There are art exhibits, cultural workshops, exhibits of the local flora and fauna, collections of furnishings from times past and a general air of being in a place inhabited by the spirits of long ago generations. The perfect place to reflect on a rainy day.
The other museum you won’t want to miss is quite different. A short 50 yard journey from Kongens Gade (Government Hill) via Knud Hansen Alley (an alleyway no more than 4 ft wide. It was formerly known as Freeway – that name being derived from “free from the eyes of the masters” since slaves were barred from using the main streets), Seven Arches Museum is the only fully restored private house museum in St Thomas. It is considered to be one of the best examples of classic Danish West Indian architecture on the island.
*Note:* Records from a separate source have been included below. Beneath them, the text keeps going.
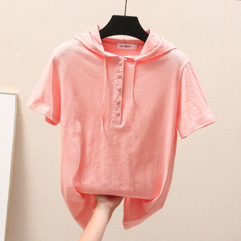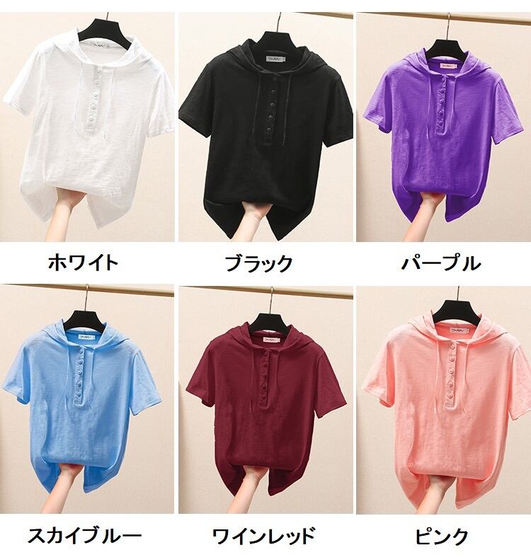 【 XL 〜 3XL 】 大きいサイズ レディース 夏 半袖 パーカー ゆったり タイプ コットン アンダー シャツ 着回し コーデ フード Tシャツ 3L 2XL 2L 70808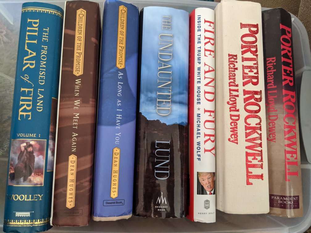 Can meet in Provo too. Saints at war. Porter Rockwell. Fire and fury trump. Undaunted. Children of the promise. Pillar of fire. Royal duty. Diana. Da Vinci code. Stephanie Myer.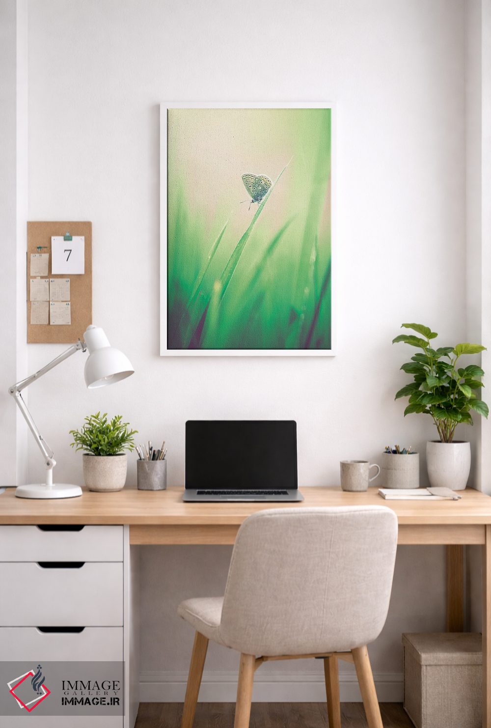اگر ابعاد دیوار را دارید، راهنمایی لازم را دریافت میکنید تا انتخاب نهایی دقیقتر انجام شود. برای اینکه اثر در محیط «مینیمال و آرام» دیده شود، انتخاب قاب مناسب کمک بزرگی است و چیدمان را یکدستتر نشان میدهد.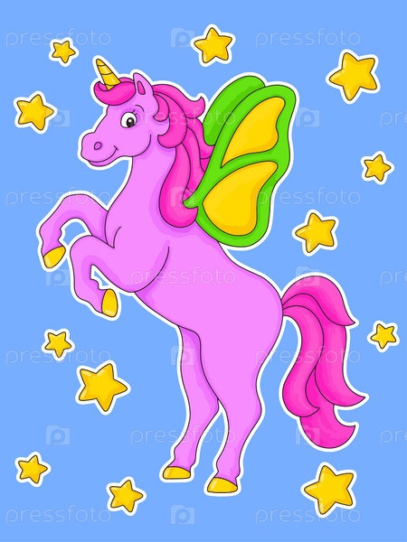 Милый единорог с поднятыми вверх крыльями. Мультяшный персонаж. Красочная векторная иллюстрация. Изолированный на синем фоне. Элемент дизайна. Шаблон для вашего дизайна, книги, наклейки, открытки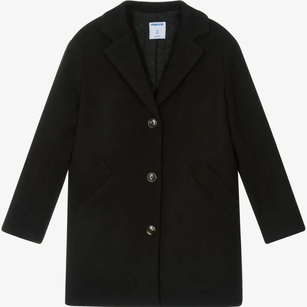 Lovely black felted coat for older girls by Mayoral, with a soft wool feel. Faux tortoiseshell buttons fasten the front in a timeless style. It has a quilted lining for comfort, a vent on the back for ease of movement, and pointed lapels for a smart finish.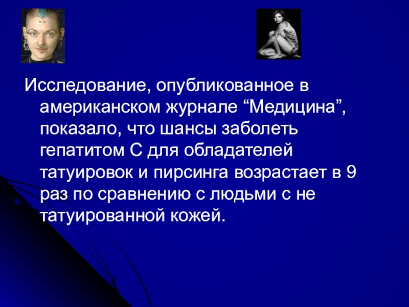 С для обладателей татуировок и пирсинга возрастает в 9 раз по сравнению с людьми с не татуированной кожей.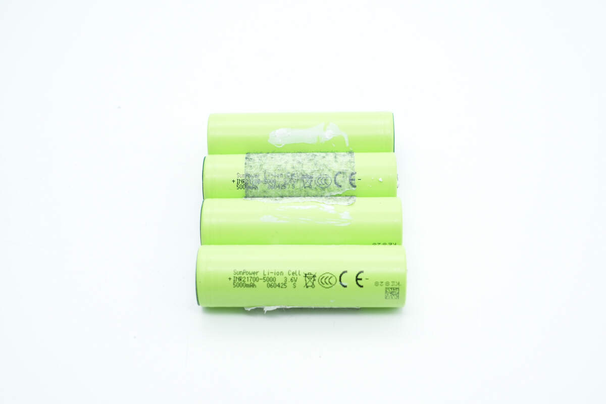 Disassemble the battery pack. It consists of four 21700 lithium-ion cells with the same part number.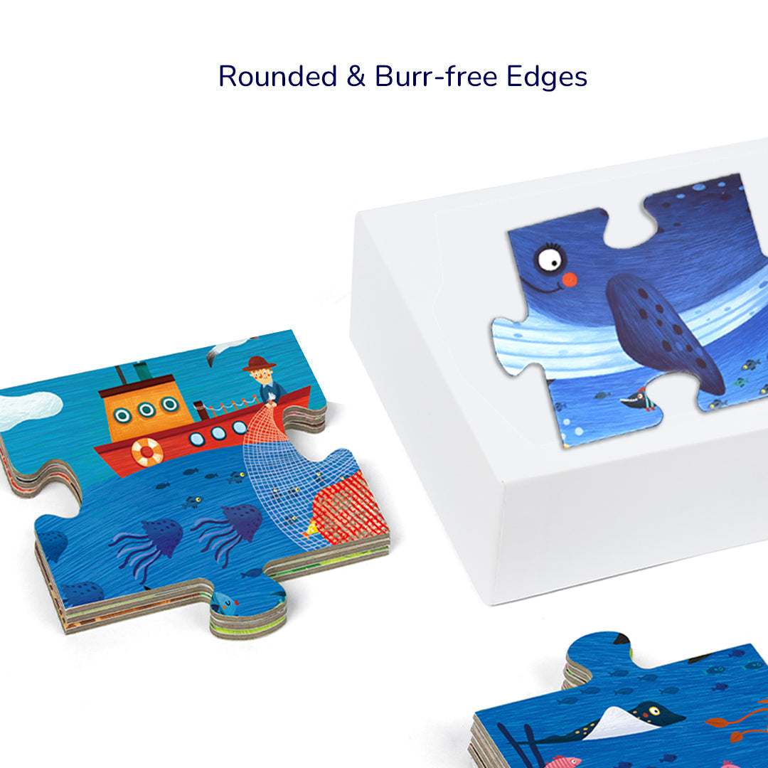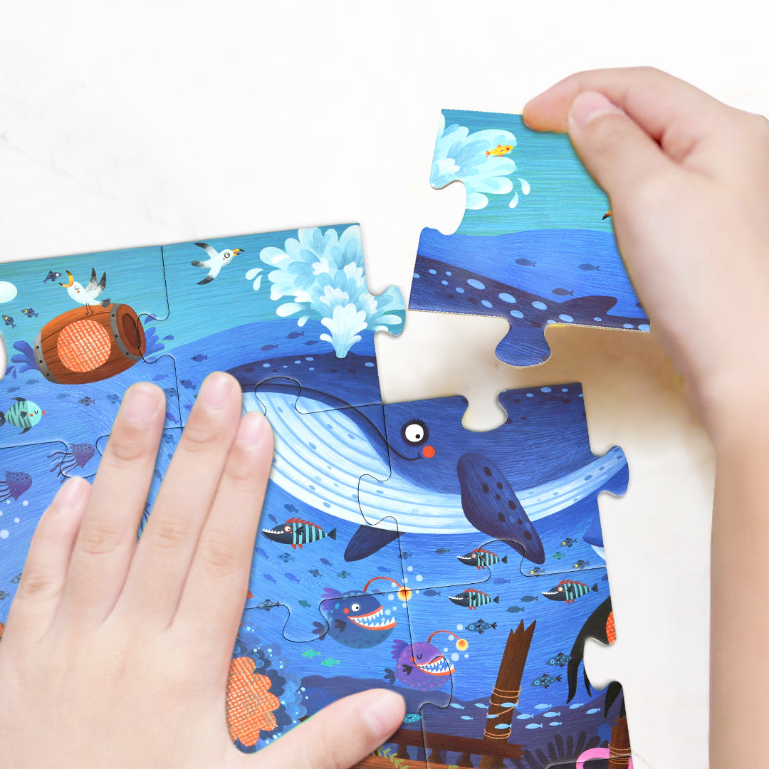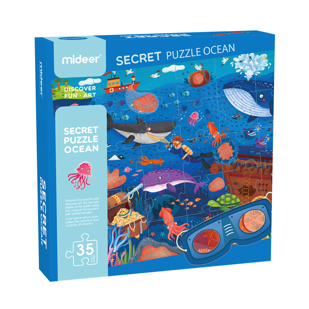 Mideer® Leynipúsl – Hafið Þetta 35 bita púsl kemur með sérstökum gleraugum sem sýna falin dýr og leyndarmál í myndinni. Skemmtilegt og fræðandi púsl. Aldur: 3+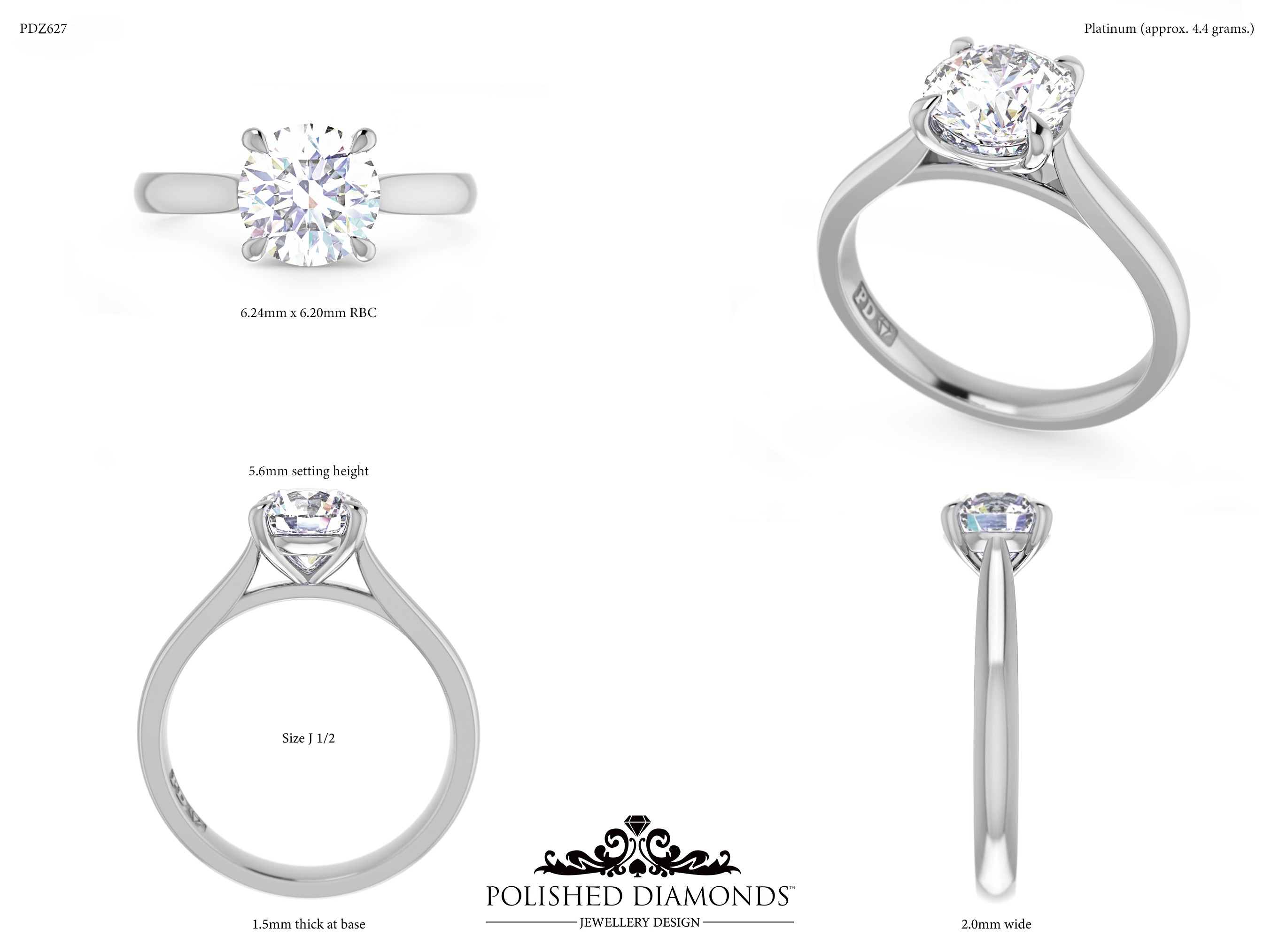 The Round Solitaire Diamond Ring (PDZ627) is a handcrafted engagement ring featuring a brilliant round-cut diamond in a classic solitaire setting, crafted in New Zealand. Available in platinum, white gold, yellow gold, or rose gold, this ring is made to order and fully customisable in diamond size, carat weight, and setting style. Visit our Auckland, Wellington, or Christchurch studios or enquire online for personalised pricing.

Officially dating back to 1826 – not all that old – when it was owned by a Danish craftsman, there is evidence that the foundation was laid as early as the late 1600s. It is a typical middle class residence of the time, designed with practicality in mind. The building is constructed of yellow ballast brick from Denmark, local limestone and bluebitch and, yes, there are 7 arches supporting the welcoming arms staircase.
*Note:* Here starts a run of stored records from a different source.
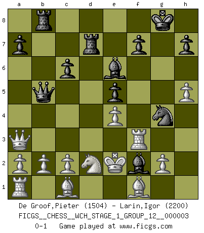 Last move : 0-1 2007 September 29 12:46:5 [Event "FICGS__CHESS__WCH_STAGE_1_GROUP_12__000003"] [Site "FICGS"] [Date "2007.07.11"] [Round "1"] [White "De Groof,Pieter"] [Black "Larin,Igor"] [Result "0-1"] [WhiteElo "1504"] [BlackElo "2200"] 1.e4 e5 2.f4 exf4 3.Nf3 g5 4.h4 g4 5.Ne5 Nf6 6.d4 d6 7.Nd3 Nc6 8.d5 Be7 9.Nd2 Ne5 10.Nxf4 g3 11.Nd3 c6 12.Nxe5 dxe5 13.Qf3 Bc5 14.Qxg3 Ng4 15.Qb3 Bf2+ 16.Ke2 O-O 17.dxc6 Be6 18.Qb4 bxc6 19.Rh3 Rb8 20.Qa3 Qb6 21.h5 Rfd8 22.Rg3 Rd7 23.Rf3 Qb5+ 0-1 KGA : Kieseritsky, Berlin defense Kingside Castling by player Black (move 16) Player Black won this chess game. Follow this game move after move (download)Chess is a forcing house where the fruits of character can ripen more fully than in life. (Edward Morgan Foster) Besser ein falscher Plan, logisch durchgeführt, als gar kein Plan. (Viktor Kortschnoi) La belleza de un movimiento no se refleja solo en su apariencia, sino en el pensamiento detrás de él. (Siegbert Tarrasch) Une platitude souvent récitée à propos des Echecs est qu'une des choses les plus difficiles à réaliser est de gagner une position gagnante. Cela ne manque pas de sens mais, pour ma part, j'ai toujours trouvé plus difficile de gagner une position perdante. (Tim Krabbe) Fear is the path to the dark side. Fear leads to anger; anger leads to hate; hate leads to suffering. I sense much fear in you. (Master Yoda in Star Wars ep.1)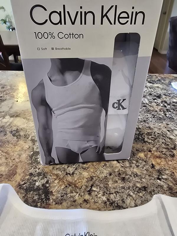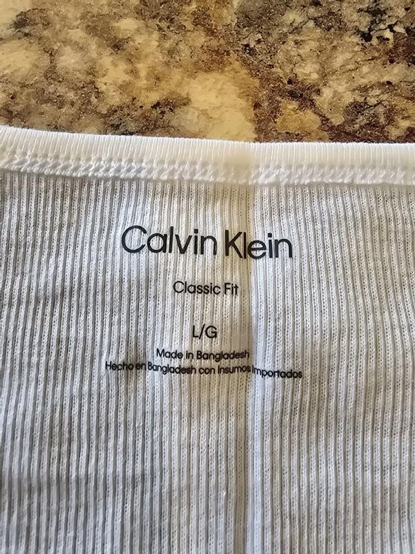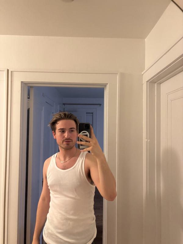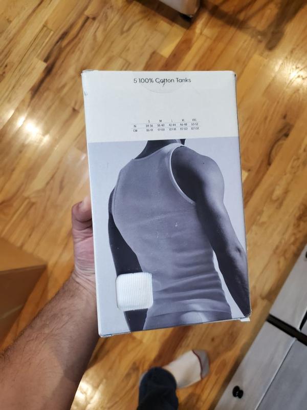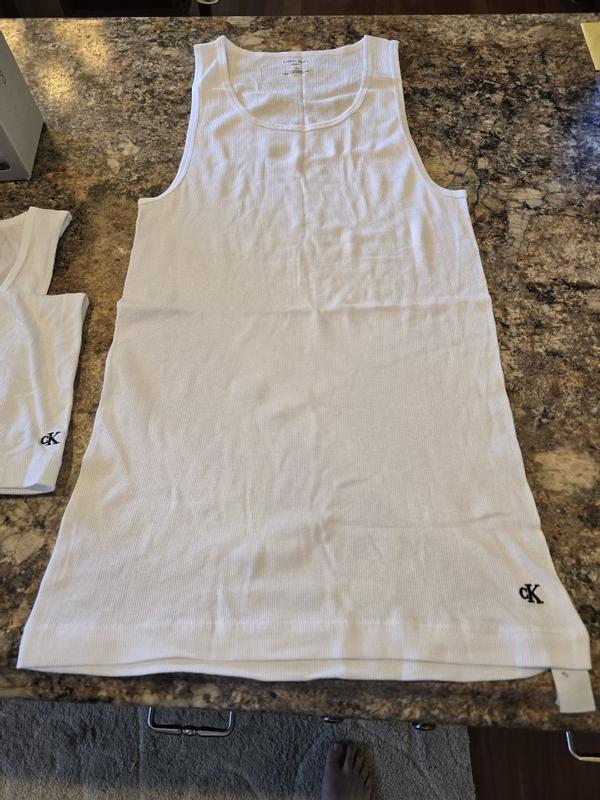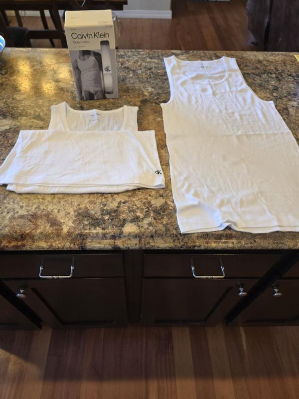 Calvin Klein is always a good fit. Roomy arm holes and long enough length. Soft cotton too.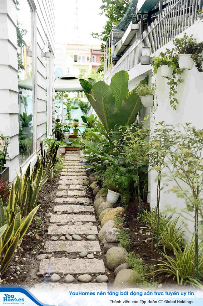 Lối đi dọc căn nhà cũng trải đầy cây cỏ kết hợp với lối đi rải đá đẹp mắt tạo nên một không gian đẹp và trong lành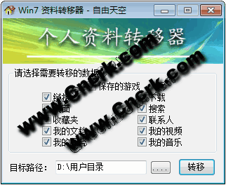 win7资料转移器1.0 绿色版 添加目标路径默认为D:\用户目录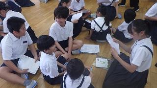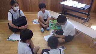 1年生を前にして、初めは、少し緊張した様子でしたが、時間が経つにつれ、ブックトーク以外の場面でも1年生に優しく声をかける姿があり、下級生との関わり方を学んでいました。

It is in an area where the houses are close together so the building is not on a grand scale. There was no impressive formal dining room, no library, no servant’s quarters (this is after slavery remember – accommodations for the 2 groups were entirely different!) – no frills at all really.
The main attraction here is the faithful restoration of a lifestyle that long preceded ours. Walk through the rooms and it is as if you’ve been transported to another time. Everything is accurate – the paint scheme, the antique mahogany furniture, the cast iron four poster bed. Even the tiny touches are there – the chamberpots, the crocheted bedspreads, 18th and 19th century embroidery adorning the walls, a collection of antique toys. The dining table is set and ready for the master and mistress of the house to return for luncheon.
There is also a display of items from an ongoing mini archeological dig in the house’s garden – pottery shards, a 6 lb cannonball and tiny kerosene lamps. The house is furnished sparsely, just as it would have been in 1826 (too much furniture and clutter would interfere with the all important cooling breezes) – and the better to show off the soaring ceilings made of tongue and groove, the cypress crown moldings and other architectural details. Among these details are the gun slots found in the great room on the lower level of the house that lend credence to the belief that the house may have been part of the original fortification of the harbour.
As in any West Indian house of the period, there are outbuildings. Kitchens were always separate from the main dwelling. There were 2 very good reasons for this custom – first, the heat generated by cooking would have made the already warm homes practically unbearable; and second, the threat of fire was a constant and it was much safer to distance the probable source of a fire from the main structure. There is also a slave quarters as a vivid reminder of the darker side of that earlier time.
After touring the house and outbuildings, relax in the courtyard for a few minutes (the rain will no doubt have stopped by then). It’s a place of peace and tranquillity, lush with bougainvillea and a ponderous fringe of night blooming cirrus (unfortunately you’ll only see it as a mass of dull green resembling Medusa’s hairdo more than anything else. It blooms only once a year – and then at night so you really have to be quick – but when it does it’s an amazing sight). The cirrus is also home to a family of iguanas, who might be tempted out to visit if offered a tasty hibiscus bloom.
So let the rain come. It will give you a good excuse to skip the beach for a day (your skin will thank you for the break) and delve into another time, another way of life. You might discover that there’s much more to this island that its beautiful, palm fringed beaches. Perhaps some interesting memories that will transcend sunny days and moonlit nights and will last long after the tan fades.